The reply should hold every record, copied exactly, and none of the pictures.

=== TASK DATA ===

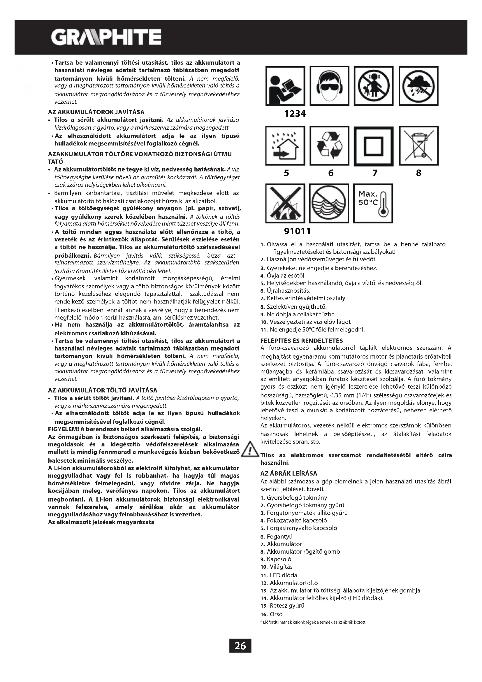 Az alábbi számozás a gép elemeinek a jelen használati utasítás ábrái szerinti jelöléseit követi. 1. Gyorsbefogó tokmány2. Gyorsbefogó tokmány gyűrű3. Forgatónyomaték-állító gyűrű4. Fokozatváltó kapcsoló5. Forgásirányváltó kapcsoló6. Fogantyú7. Akkumulátor8. Akkumulátor rögzítő gomb9. Kapcsoló10. Világítás11. LED dióda12. Akkumulátortöltő13. Az akkumulátor töltöttségi állapota kijelzőjének gombja14. Akkumulátor feltöltés kijelző (LED diódák).15. Retesz gyűrű16. Orsó* Előfordulhatnak különbségek a termék és az ábrák között.27
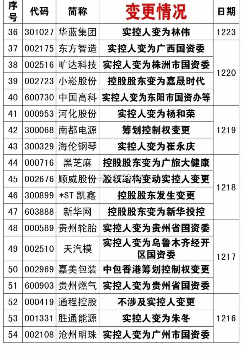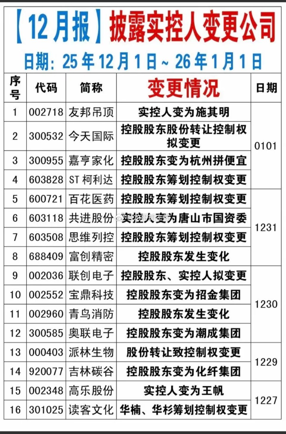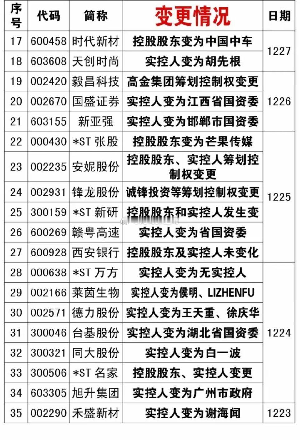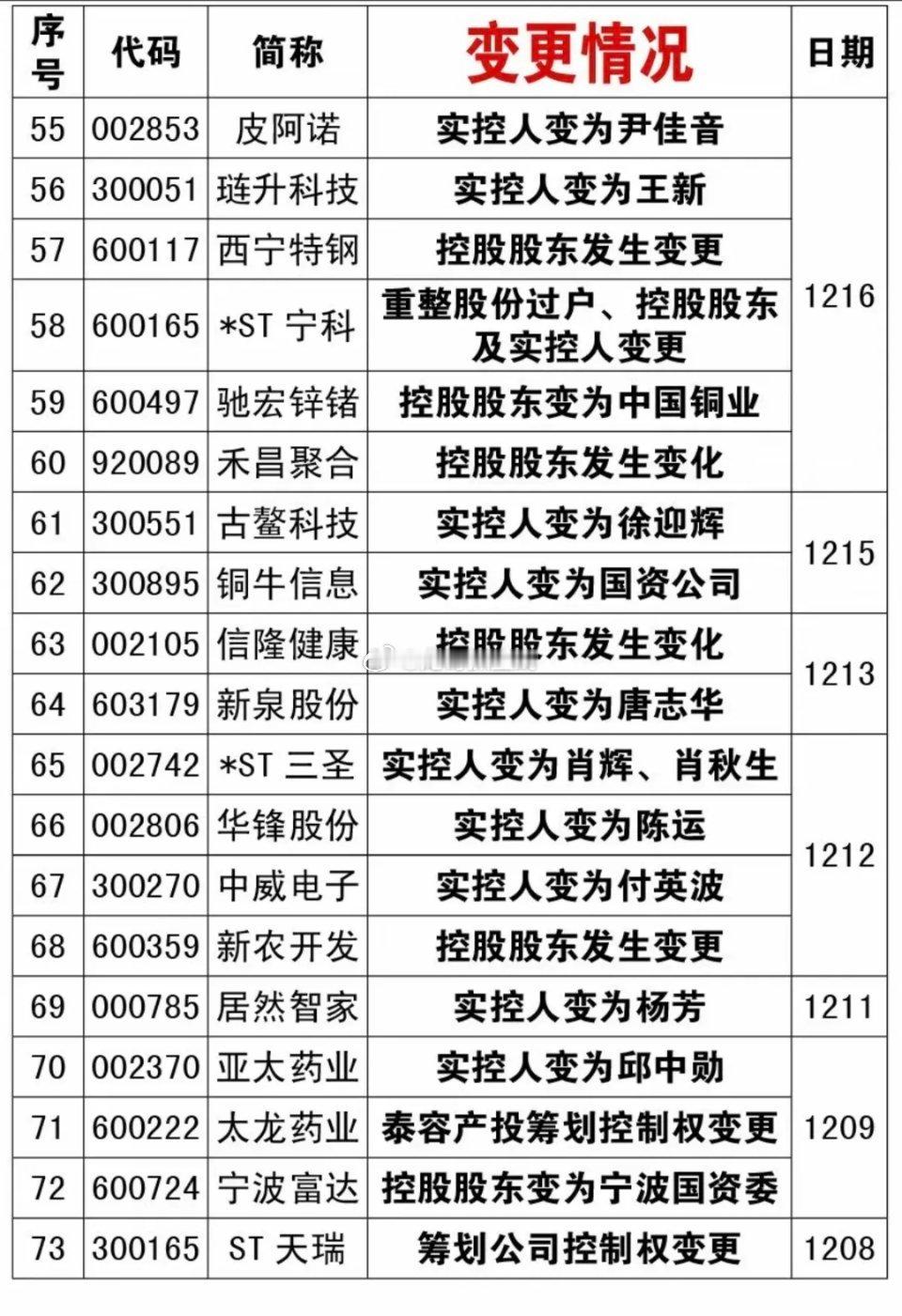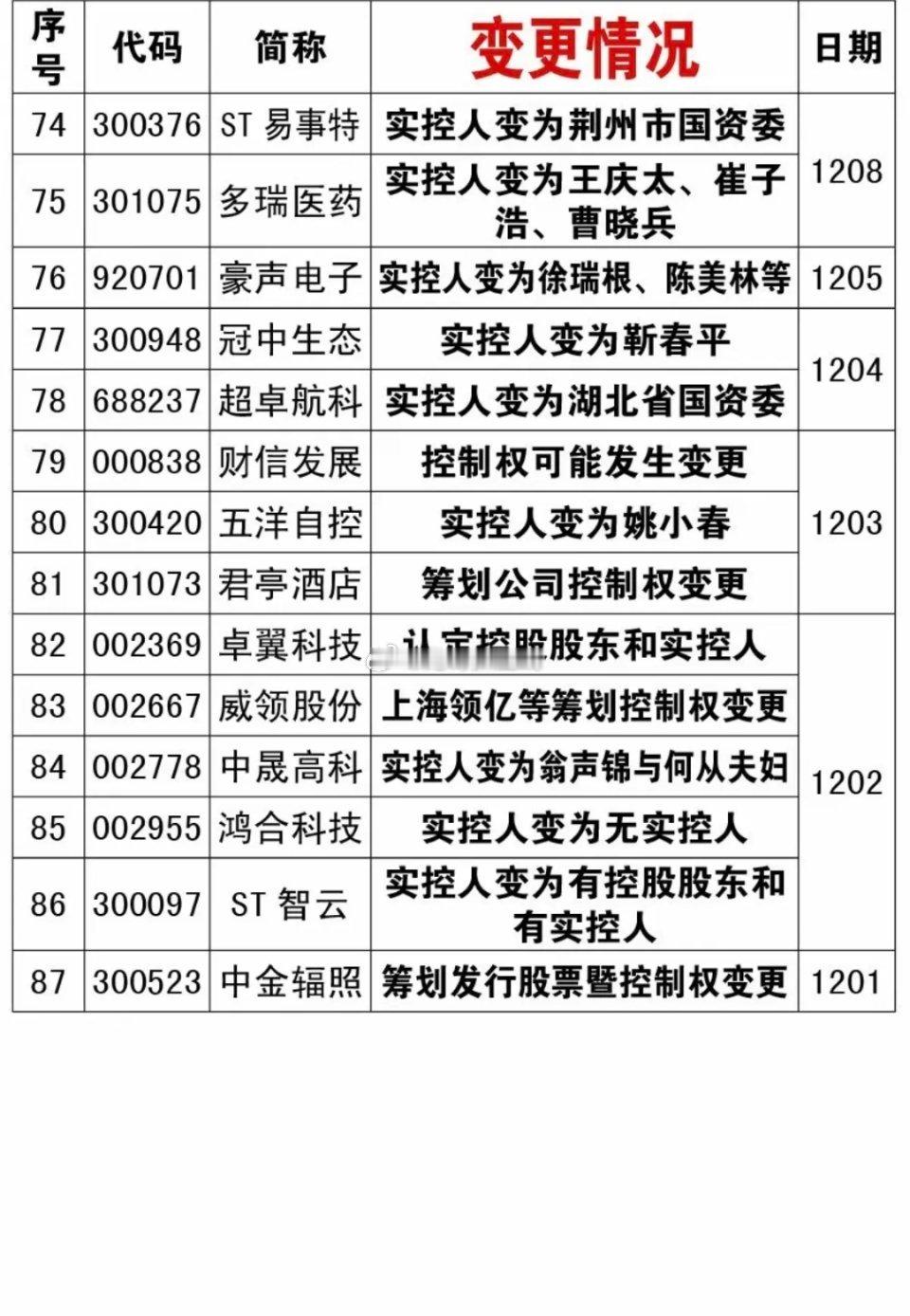 12月报:87家公司披露实控人变更!12月份累计有87家公司披露实控人变更,特别是部分实控人变更为国资控股的,绝对是大利好,有的低位股有拉升炒作机会。特别关注一些好题材股:
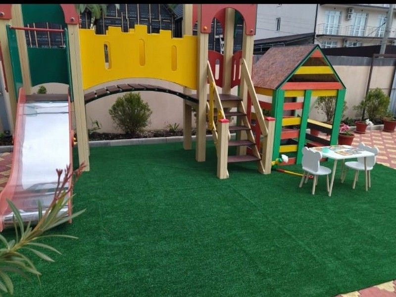 Территория: просторная и благоустроенная, большой бассейн с подогревом с детской зоной, лежаки, зона отдыха, мангальная зона и детская игровая площадка с горкой.
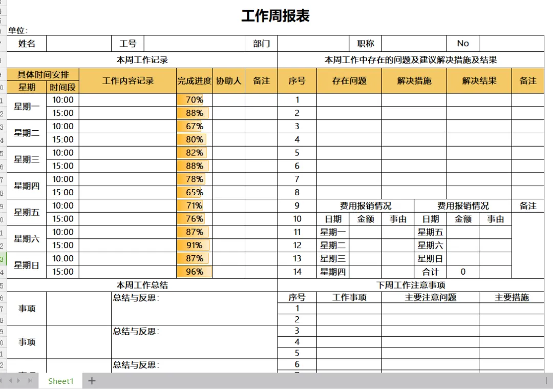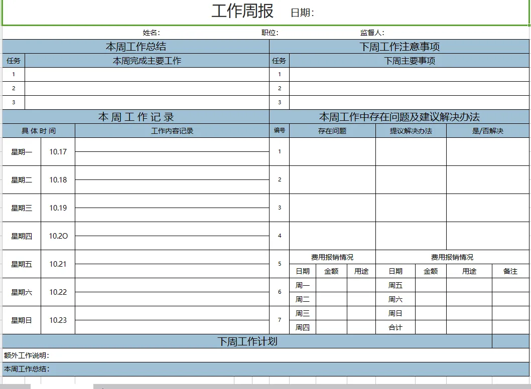 10、工作周报表
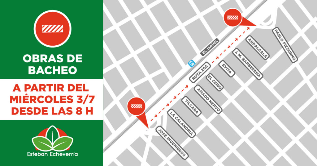 El Municipio de Esteban Echeverría informó que a partir de mañana, 3 de Julio, el carril de la Ruta Nacional 205 con sentido a Monte Grande a la altura de la estación de trenes de El Jagüel,  tendrá una reducción en la calzada.
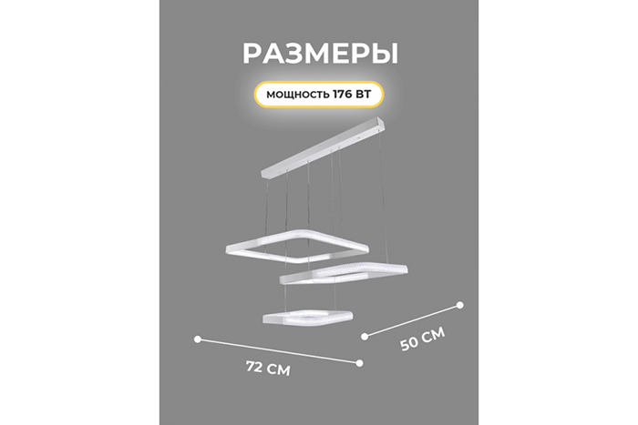 - Светодиодная подвесная люстра с тремя квадратами расположенными на одной потолочной площадке линейной формы. Лаконичное исполнение строгих линий в корпусе из металла с матовыми рассеивателями отлично дополнит современный интерьер и наполнит мягким, ярким светом современный интерьер. Регулировка яркости и цветовой температуры позволит настроить комфортный для Ваших глаз свет. Очень интересный визуальный эффект даёт необычное расположение рассеивателя в шахматном порядке: часть рассеивателя расположена внутри, а другая часть рассеивателя снаружи светильника.
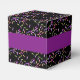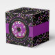 Nuestra linda caja de favoritos Donut de la Morada de Halloween Googley Monster contiene un ilustracion acuarela de un espeluznante donut dulce con esbelta espuma violeta y unos ojos espeluznantes de googley sobre un divertido fondo de rociado de color. Personalizar el texto para crear una divertida caja de favores de Halloween para tu próxima fiesta de Halloween.
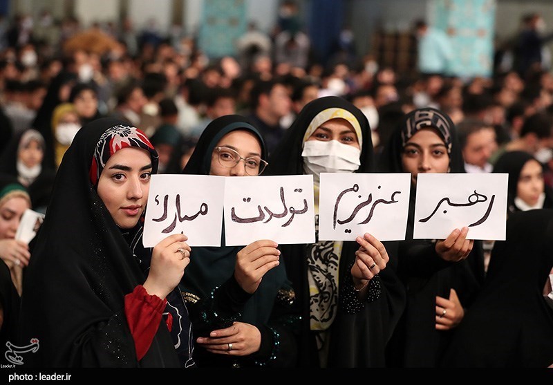 ـ ساعت حسینیه امام خمینی(ره) هنوز به 16 نرسیده بود که بخش اعظمی از جایگاه آقایان در حسینیه پر شده بود و به جمعیت بانوان نیز مدام افزوده میشد. دانشجویان با سر دادن شعارهایی از جمله "ای پسر فاطمه، منتظر تو هستیم"، این همه لشگر آمده به عشق رهبر آمده" و "علمدار تولدت مبارک" انتظار خود را برای دیدن رهبر انقلاب اعلام میکردند. حدود ساعت 16 و 25 دقیقه بود که رهبر انقلاب از جایگاه اصلی وارد حسینیه شدند و شعارهای دانشجویان به عباراتی نظیر "خونی که در رگ ماست هدیه به رهبر ماست" و "ای رهبر آزاده آمادهایم آماده" تبدیل شد. دانشجویان پس از لحظاتی دوباره با شور و هیجان خاصی مدتی به سردادن شعار "علمدار تولدت مبارک" پرداختند که این بار رهبر انقلاب با بیان اینکه "اجازه دهید قرآن تلاوت شود، تولد خیلی اهمیتی ندارد" خواستار شروع مراسم شدند.
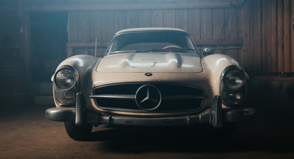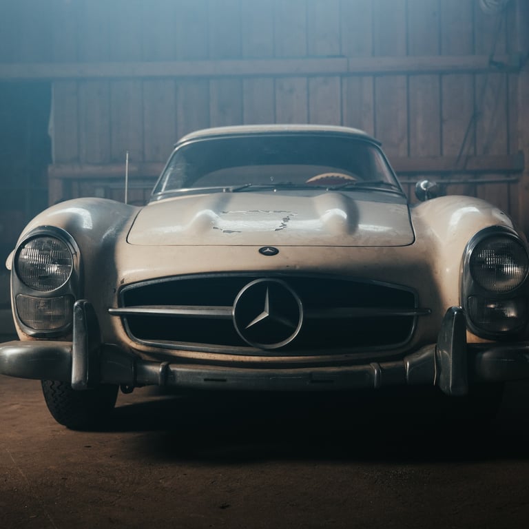 Spectacular barn find: 1960 Mercedes-Benz 300 SL Roadster (W 198) as a restoration item. Vehicle offered for purchase by Mercedes-Benz Classic on the Salon Rétromobile 2026.
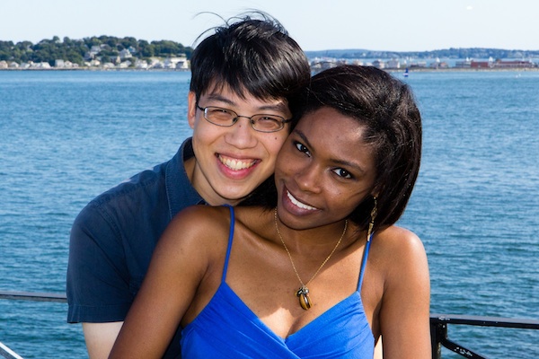 Myjanou and James met at Boston College in the spring semester of 2007. James was in charge of a weekly film screening for Myjanou's Contemporary Asian Cinema class. Ever the diligent student, Myjanou did not miss a single screening. They started going out in April 2008.
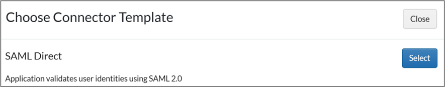 - Click Create From Template and click Select for SAML Direct.

===

▶ SOLUTION FOR THIS TASK:
 Az alábbi számozás a gép elemeinek a jelen használati utasítás ábrái szerinti jelöléseit követi. 1. Gyorsbefogó tokmány2. Gyorsbefogó tokmány gyűrű3. Forgatónyomaték-állító gyűrű4. Fokozatváltó kapcsoló5. Forgásirányváltó kapcsoló6. Fogantyú7. Akkumulátor8. Akkumulátor rögzítő gomb9. Kapcsoló10. Világítás11. LED dióda12. Akkumulátortöltő13. Az akkumulátor töltöttségi állapota kijelzőjének gombja14. Akkumulátor feltöltés kijelző (LED diódák).15. Retesz gyűrű16. Orsó* Előfordulhatnak különbségek a termék és az ábrák között.27
 12月报:87家公司披露实控人变更!12月份累计有87家公司披露实控人变更,特别是部分实控人变更为国资控股的,绝对是大利好,有的低位股有拉升炒作机会。特别关注一些好题材股:
 Территория: просторная и благоустроенная, большой бассейн с подогревом с детской зоной, лежаки, зона отдыха, мангальная зона и детская игровая площадка с горкой.
 10、工作周报表
 El Municipio de Esteban Echeverría informó que a partir de mañana, 3 de Julio, el carril de la Ruta Nacional 205 con sentido a Monte Grande a la altura de la estación de trenes de El Jagüel,  tendrá una reducción en la calzada.
 - Светодиодная подвесная люстра с тремя квадратами расположенными на одной потолочной площадке линейной формы. Лаконичное исполнение строгих линий в корпусе из металла с матовыми рассеивателями отлично дополнит современный интерьер и наполнит мягким, ярким светом современный интерьер. Регулировка яркости и цветовой температуры позволит настроить комфортный для Ваших глаз свет. Очень интересный визуальный эффект даёт необычное расположение рассеивателя в шахматном порядке: часть рассеивателя расположена внутри, а другая часть рассеивателя снаружи светильника.
 Nuestra linda caja de favoritos Donut de la Morada de Halloween Googley Monster contiene un ilustracion acuarela de un espeluznante donut dulce con esbelta espuma violeta y unos ojos espeluznantes de googley sobre un divertido fondo de rociado de color. Personalizar el texto para crear una divertida caja de favores de Halloween para tu próxima fiesta de Halloween.
 ـ ساعت حسینیه امام خمینی(ره) هنوز به 16 نرسیده بود که بخش اعظمی از جایگاه آقایان در حسینیه پر شده بود و به جمعیت بانوان نیز مدام افزوده میشد. دانشجویان با سر دادن شعارهایی از جمله "ای پسر فاطمه، منتظر تو هستیم"، این همه لشگر آمده به عشق رهبر آمده" و "علمدار تولدت مبارک" انتظار خود را برای دیدن رهبر انقلاب اعلام میکردند. حدود ساعت 16 و 25 دقیقه بود که رهبر انقلاب از جایگاه اصلی وارد حسینیه شدند و شعارهای دانشجویان به عباراتی نظیر "خونی که در رگ ماست هدیه به رهبر ماست" و "ای رهبر آزاده آمادهایم آماده" تبدیل شد. دانشجویان پس از لحظاتی دوباره با شور و هیجان خاصی مدتی به سردادن شعار "علمدار تولدت مبارک" پرداختند که این بار رهبر انقلاب با بیان اینکه "اجازه دهید قرآن تلاوت شود، تولد خیلی اهمیتی ندارد" خواستار شروع مراسم شدند.
 Spectacular barn find: 1960 Mercedes-Benz 300 SL Roadster (W 198) as a restoration item. Vehicle offered for purchase by Mercedes-Benz Classic on the Salon Rétromobile 2026.
 Myjanou and James met at Boston College in the spring semester of 2007. James was in charge of a weekly film screening for Myjanou's Contemporary Asian Cinema class. Ever the diligent student, Myjanou did not miss a single screening. They started going out in April 2008.
 - Click Create From Template and click Select for SAML Direct.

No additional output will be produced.